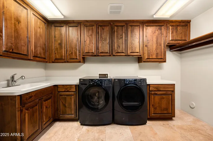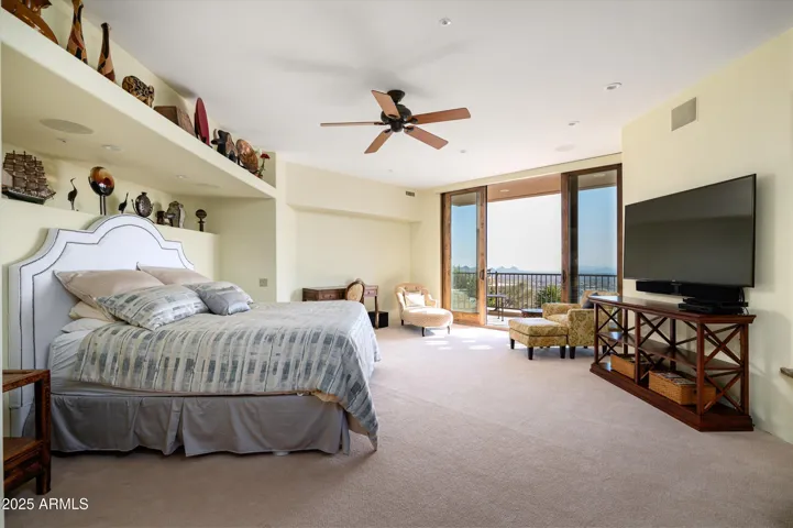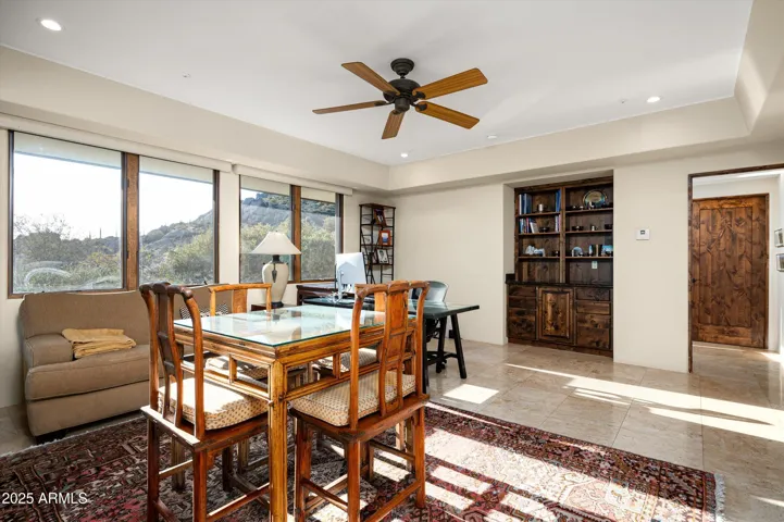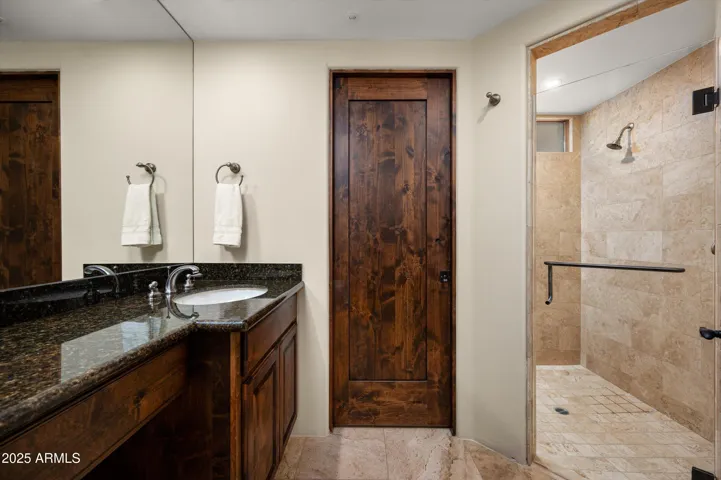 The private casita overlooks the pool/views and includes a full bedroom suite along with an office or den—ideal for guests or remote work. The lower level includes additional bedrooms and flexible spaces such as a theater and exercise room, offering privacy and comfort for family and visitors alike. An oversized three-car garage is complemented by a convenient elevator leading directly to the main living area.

--

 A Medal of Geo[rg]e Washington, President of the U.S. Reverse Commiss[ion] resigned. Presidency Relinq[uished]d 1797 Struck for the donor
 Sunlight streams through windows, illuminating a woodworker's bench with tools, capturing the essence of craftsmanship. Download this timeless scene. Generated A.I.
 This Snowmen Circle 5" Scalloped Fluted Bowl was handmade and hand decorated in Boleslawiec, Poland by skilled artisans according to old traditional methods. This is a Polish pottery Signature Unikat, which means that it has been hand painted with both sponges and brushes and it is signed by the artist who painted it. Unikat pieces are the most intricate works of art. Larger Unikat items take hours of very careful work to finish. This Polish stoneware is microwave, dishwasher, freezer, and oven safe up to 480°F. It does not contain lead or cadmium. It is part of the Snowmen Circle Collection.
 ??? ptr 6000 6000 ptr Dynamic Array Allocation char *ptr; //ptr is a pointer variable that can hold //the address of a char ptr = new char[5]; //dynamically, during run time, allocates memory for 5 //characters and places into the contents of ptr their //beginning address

* * *

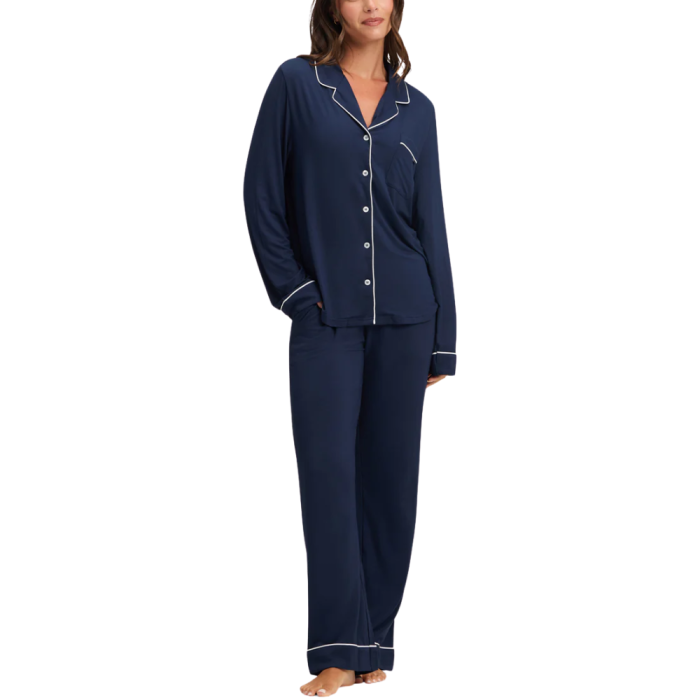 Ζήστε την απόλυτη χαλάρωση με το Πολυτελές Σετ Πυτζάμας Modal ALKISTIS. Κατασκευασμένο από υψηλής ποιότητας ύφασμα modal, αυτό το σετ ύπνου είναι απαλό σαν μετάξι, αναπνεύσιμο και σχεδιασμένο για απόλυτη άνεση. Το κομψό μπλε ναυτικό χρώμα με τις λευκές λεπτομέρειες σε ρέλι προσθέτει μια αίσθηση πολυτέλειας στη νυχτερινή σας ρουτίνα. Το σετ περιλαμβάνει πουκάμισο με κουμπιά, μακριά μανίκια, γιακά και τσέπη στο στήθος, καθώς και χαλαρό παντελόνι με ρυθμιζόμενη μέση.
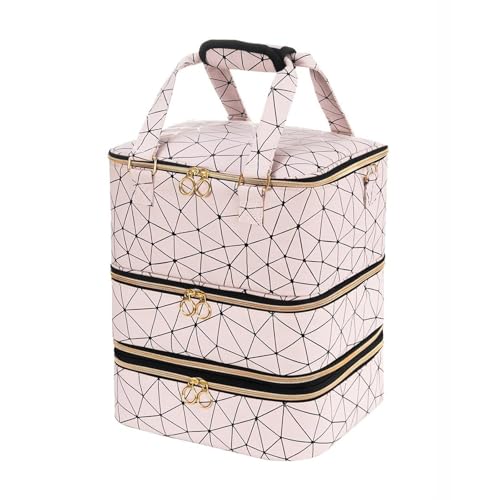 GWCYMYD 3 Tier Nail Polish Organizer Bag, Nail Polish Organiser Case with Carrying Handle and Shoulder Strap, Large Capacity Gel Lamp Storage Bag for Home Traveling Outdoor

> [ACTIVITY]
Copy whichever lines in the listing above hold "that".

> [SOLUTION TO THIS PROBLEM]
 This Snowmen Circle 5" Scalloped Fluted Bowl was handmade and hand decorated in Boleslawiec, Poland by skilled artisans according to old traditional methods. This is a Polish pottery Signature Unikat, which means that it has been hand painted with both sponges and brushes and it is signed by the artist who painted it. Unikat pieces are the most intricate works of art. Larger Unikat items take hours of very careful work to finish. This Polish stoneware is microwave, dishwasher, freezer, and oven safe up to 480°F. It does not contain lead or cadmium. It is part of the Snowmen Circle Collection.
 ??? ptr 6000 6000 ptr Dynamic Array Allocation char *ptr; //ptr is a pointer variable that can hold //the address of a char ptr = new char[5]; //dynamically, during run time, allocates memory for 5 //characters and places into the contents of ptr their //beginning address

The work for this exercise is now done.